# Testing The Natural Abstraction Hypothesis: Project Intro

The natural abstraction hypothesis says that

Our physical world abstracts well: for most systems, the information relevant “far away” from the system (in various senses) is much lower-dimensional than the system itself. These low-dimensional summaries are exactly the high-level abstract objects/concepts typically used by humans.

These abstractions are “natural”: a wide variety of cognitive architectures will learn to use approximately the same high-level abstract objects/concepts to reason about the world.

If true, the natural abstraction hypothesis would dramatically simplify AI and AI alignment in particular. It would mean that a wide variety of cognitive architectures will reliably learn approximately-the-same concepts as humans use, and that these concepts can be precisely and unambiguously specified.

Ultimately, the natural abstraction hypothesis is an empirical claim, and will need to be tested empirically. At this point, however, we lack even the tools required to test it. This post is an intro to a project to build those tools and, ultimately, test the natural abstraction hypothesis in the real world.
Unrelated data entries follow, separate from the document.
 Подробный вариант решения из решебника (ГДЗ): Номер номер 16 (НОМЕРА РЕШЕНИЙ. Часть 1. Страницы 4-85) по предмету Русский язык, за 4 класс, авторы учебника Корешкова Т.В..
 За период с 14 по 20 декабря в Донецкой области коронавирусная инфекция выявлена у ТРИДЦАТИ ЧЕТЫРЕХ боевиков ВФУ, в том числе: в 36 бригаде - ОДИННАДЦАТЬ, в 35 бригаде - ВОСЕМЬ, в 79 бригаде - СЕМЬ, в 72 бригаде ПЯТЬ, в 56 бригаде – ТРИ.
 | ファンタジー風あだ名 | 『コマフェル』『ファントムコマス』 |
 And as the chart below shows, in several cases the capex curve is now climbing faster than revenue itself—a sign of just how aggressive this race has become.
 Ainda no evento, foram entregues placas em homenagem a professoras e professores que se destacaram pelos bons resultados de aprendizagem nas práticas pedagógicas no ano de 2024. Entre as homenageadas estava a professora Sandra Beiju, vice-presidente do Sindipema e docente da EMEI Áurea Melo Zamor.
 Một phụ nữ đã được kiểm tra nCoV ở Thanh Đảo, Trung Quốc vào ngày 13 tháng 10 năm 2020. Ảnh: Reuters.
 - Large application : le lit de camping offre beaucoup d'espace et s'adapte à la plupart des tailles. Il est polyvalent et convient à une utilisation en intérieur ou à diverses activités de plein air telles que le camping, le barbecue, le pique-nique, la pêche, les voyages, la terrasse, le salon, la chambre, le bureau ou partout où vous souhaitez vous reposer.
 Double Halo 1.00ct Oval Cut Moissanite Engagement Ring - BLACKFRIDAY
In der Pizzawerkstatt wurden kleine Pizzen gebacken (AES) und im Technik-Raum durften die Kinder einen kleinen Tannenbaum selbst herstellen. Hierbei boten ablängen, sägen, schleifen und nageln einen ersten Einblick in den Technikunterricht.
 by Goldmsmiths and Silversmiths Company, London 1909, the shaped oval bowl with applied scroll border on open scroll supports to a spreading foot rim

## Background & Motivation

One of the major conceptual challenges of designing human-aligned AI is the fact that human values are a function of humans’ latent variables: humans care about abstract objects/concepts like trees, cars, or other humans, not about low-level quantum world-states directly. This leads to conceptual problems of defining “what we want” in physical, reductive terms. More generally, it leads to conceptual problems in translating between human concepts and concepts learned by other systems—e.g. ML systems or biological systems.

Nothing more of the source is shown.